FunASR is an open-source speech recognition toolkit by Alibaba DAMO Academy supporting ASR, voice activity detection, punctuation restoration, and text normalization. It ships pretrained models for 50+ languages and provides production-ready server deployment with streaming support.

Agent ready

This asset can be read and installed directly by agents

TokRepo exposes a universal CLI command, install contract, metadata JSON, adapter-aware plan, and raw content links so agents can judge fit, risk, and next actions.

Native · 98/100Policy: allow
Agent surface
Any MCP/CLI agent
Kind
Skill
Install
Single
Trust
Trust: Established
Entrypoint
FunASR Overview
Universal CLI install command
npx tokrepo install 9e95d508-537e-11f1-9bc6-00163e2b0d79

Introduction

FunASR provides a complete pipeline for automatic speech recognition, from audio input to formatted text output.
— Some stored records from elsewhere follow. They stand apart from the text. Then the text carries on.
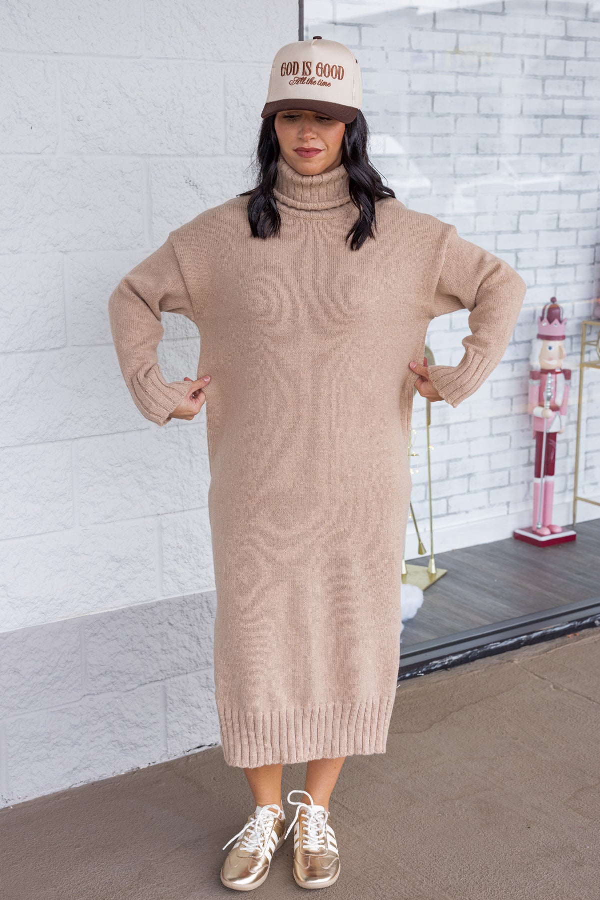 Wrap yourself in full coziness with this charming taupe knit midi sweater dress! The ribbed turtleneck adds timeless appeal, while long sleeves keep you cozy through any season. A ribbed hem with cheeky side slits is the perfect balance between classic and contemporary—practical enough for everyday wear, playful enough to turn heads. Whether you're channeling vintage vibes or creating fresh memories, this piece is your go-to for effortless style that feels like a warm hug! Shop the look: Brown Vest | Hat | Sneakers
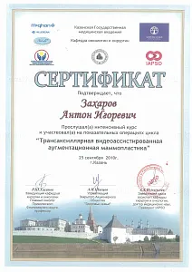 Член Этического Комитета РОПРЭХ Член Профильной Комиссии Минздрава РФ Аттестованный Эксперт Росздравнадзора по специальности «Пластическая Хирургия» Ведущий пластический хирург АО «Институт Пластической Хирургии и Косметологии»
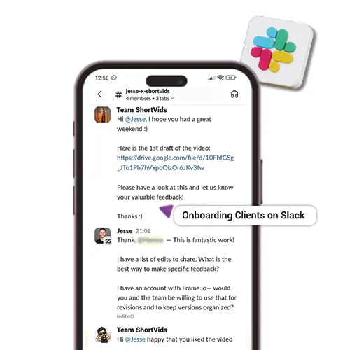 Our journey with clients begins on Slack, a real-time communication and collaboration platform. Once a client signs up with us, we onboard them to a dedicated Slack workspace where all communication takes place. Read more about: Why Unlimited Editing is a Smart Investment?
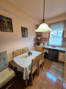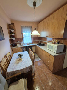 A konyha-étkező egyedi fenyőbútorzata otthonos és barátságos hangulatot teremt, míg a közlekedőben lévő beépített szekrény bőséges tárolóhelyet kínál.
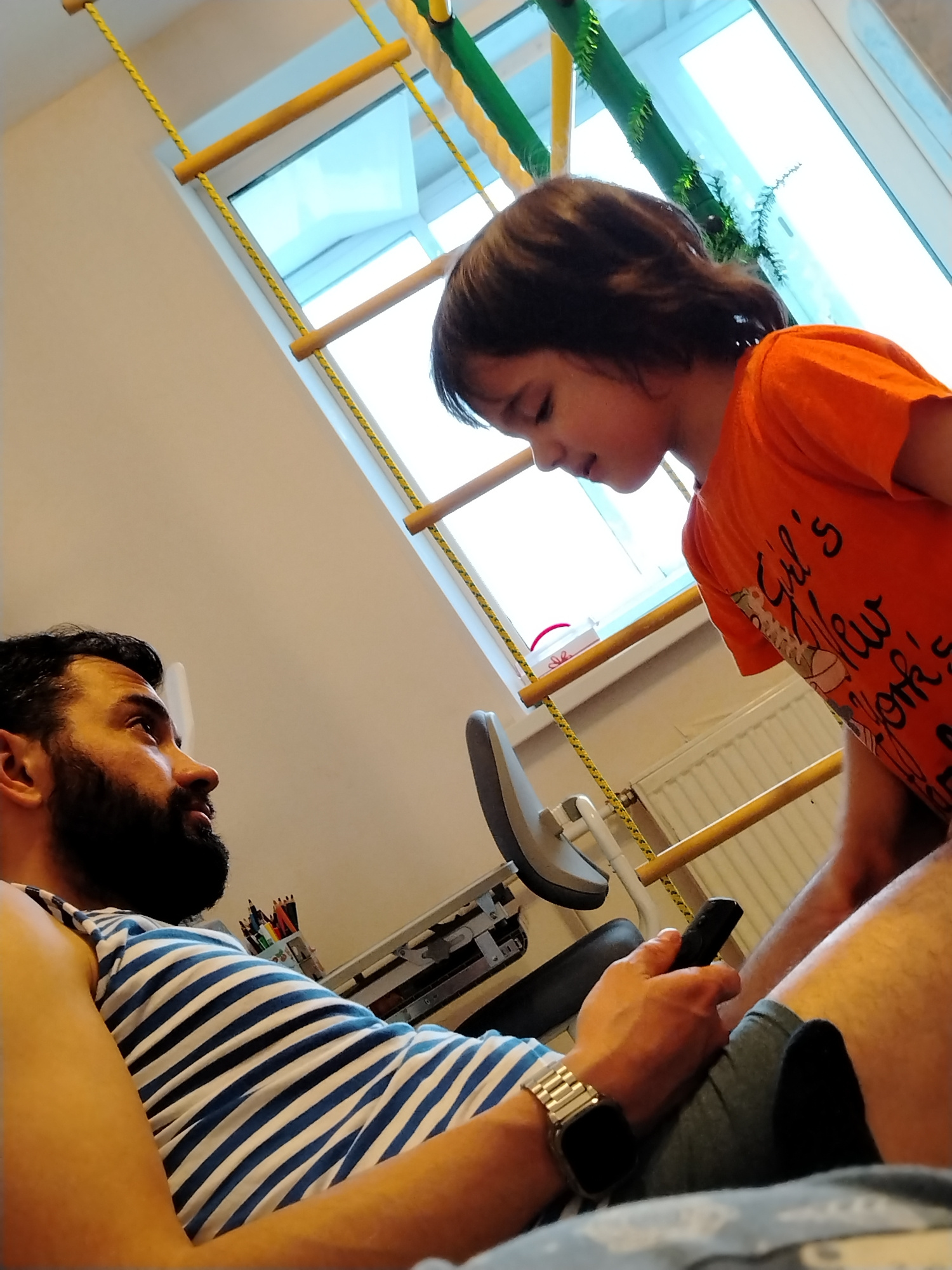 A medium shot captures a bearded man in a blue and white striped tank top reclining with a smartwatch on his left wrist and a black remote in his right hand, looking up at a young child wearing an oraβ¦read more
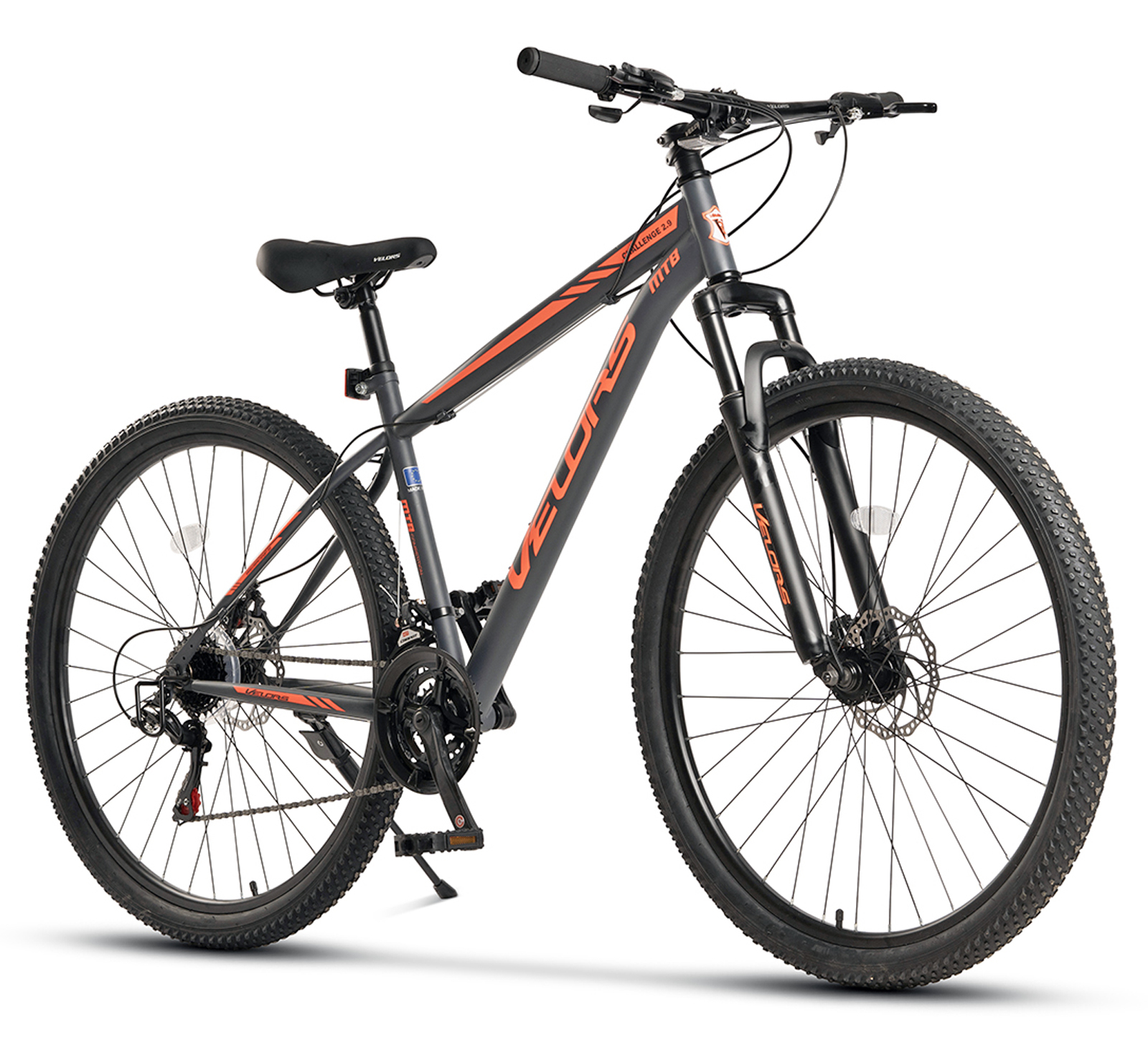 Bicicleta MTB-HT 29" VELORS Challenge 2.9, cadru otel 18", manete secventiale, frane disc, 21 viteze, gri/portocaliu
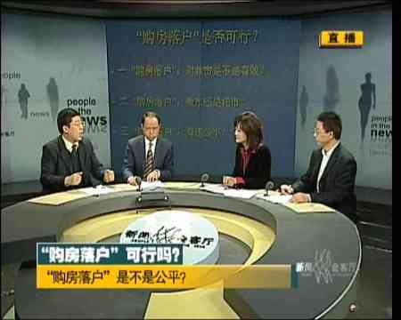 李小萌:歡迎來到正在直播的《新聞會客廳》。金融危機,樓市低迷,手里拿著錢想買房,依然覺得房價過高的購房者著急,開發商著急,政府也著急,著急就要想辦法,幾天以前,我們在討論購房退稅政策是否可行,是否合理。這兩天我們又看到消息說,廣東省將會成為繼多個城市之后首個實現購房落戶政策的省份,一時間人們也在討論購房落戶這個政策。今天我們也來湊個熱鬧,今天請到的嘉賓是北京大學法學院教授王錫鋅。旁邊一位是北京師范大學房地產研究中心教授董藩。他們兩位上次在關于購房退稅政策的時候就是各執一詞,爭個不相上下,看看今天觀點是不是會一致。另外我們還請到了媒體觀察員吳定平,也歡迎你。我們先來通過一段短片來了解一下購房落戶政策。
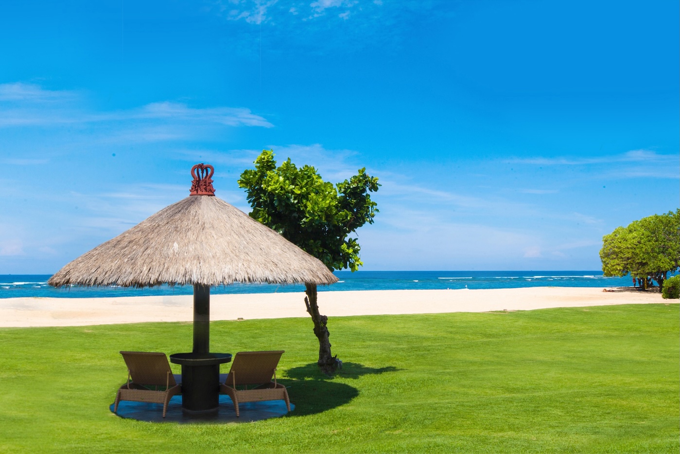 宮殿を思わせるようなプールや噴水、日替わりで試してみたい様々な各国料理が楽しめる数々のレストラン、伝統舞踊とインドネシア料理が楽しめるシアターもあり、南国の木々や花々が咲き乱れる美しい庭…そして、オンザビーチの眩しい砂浜と青い海、ただリゾートの中を散策するだけでも時空を越えたような感覚にもなります。
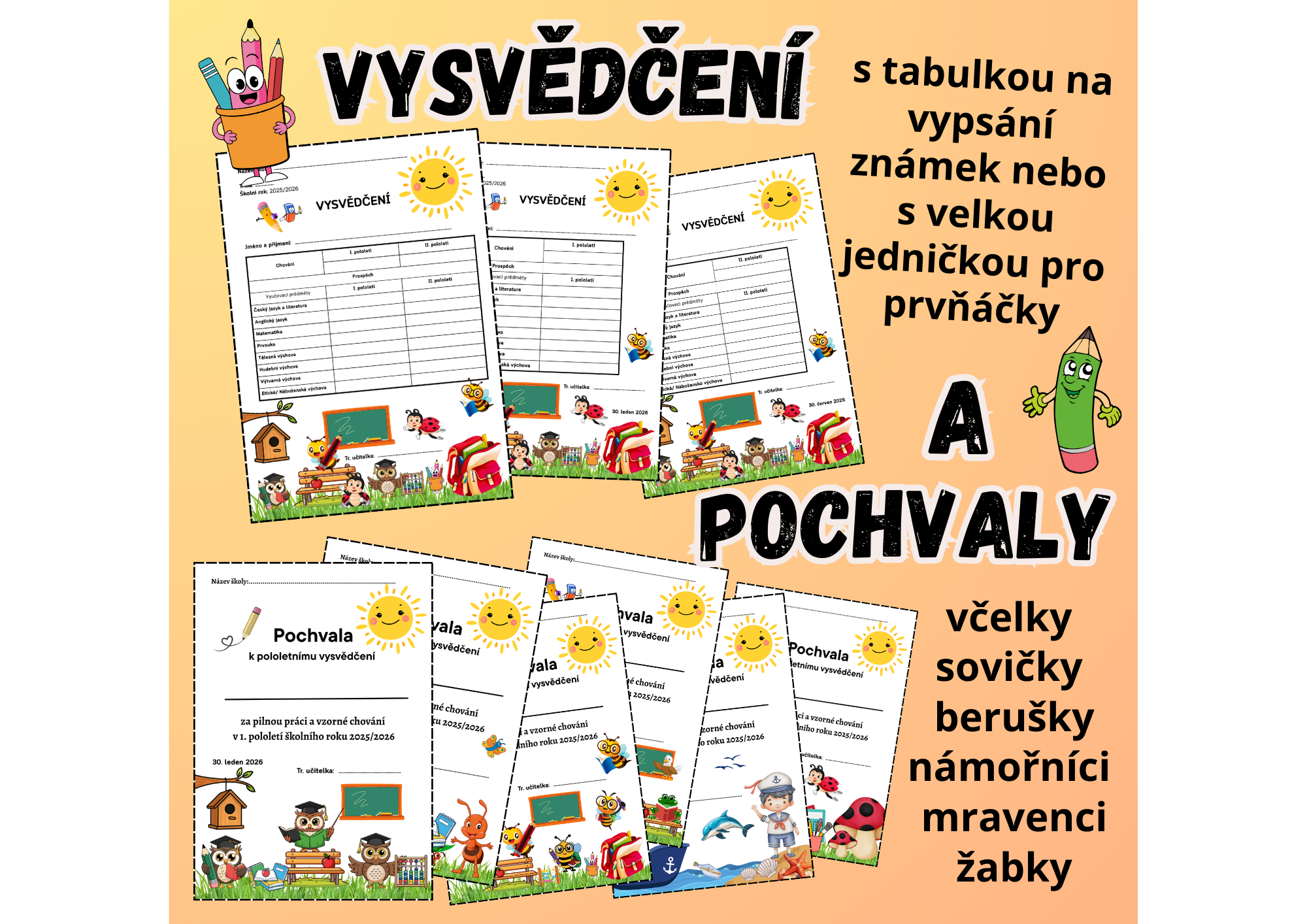 ✏️ Vysvědčení: s tabulkou na vypsání známek nebo s velkou jedničkou pro prvňáčky

It bundles state-of-the-art pretrained models (Paraformer, SenseVoice, Whisper-compatible) with convenient Python APIs and a deployable gRPC/WebSocket server.

What FunASR Does

  • Performs speech-to-text transcription for 50+ languages with pretrained models
  • Detects voice activity to segment audio into speech and silence regions
  • Restores punctuation and performs inverse text normalization on transcriptions
  • Supports both offline (batch) and online (streaming) recognition modes
  • Provides a runtime server for production deployment with GPU acceleration

Architecture Overview

FunASR's core is built on PyTorch and wraps multiple ASR architectures (Paraformer, Conformer, Transformer, Whisper) behind a unified AutoModel interface. The Paraformer model uses a non-autoregressive architecture with a predictor module that estimates token count, enabling single-pass parallel decoding. The runtime server is a C++ gRPC service that loads ONNX-exported models with ONNX Runtime for low-latency inference, accepting WebSocket connections for streaming audio.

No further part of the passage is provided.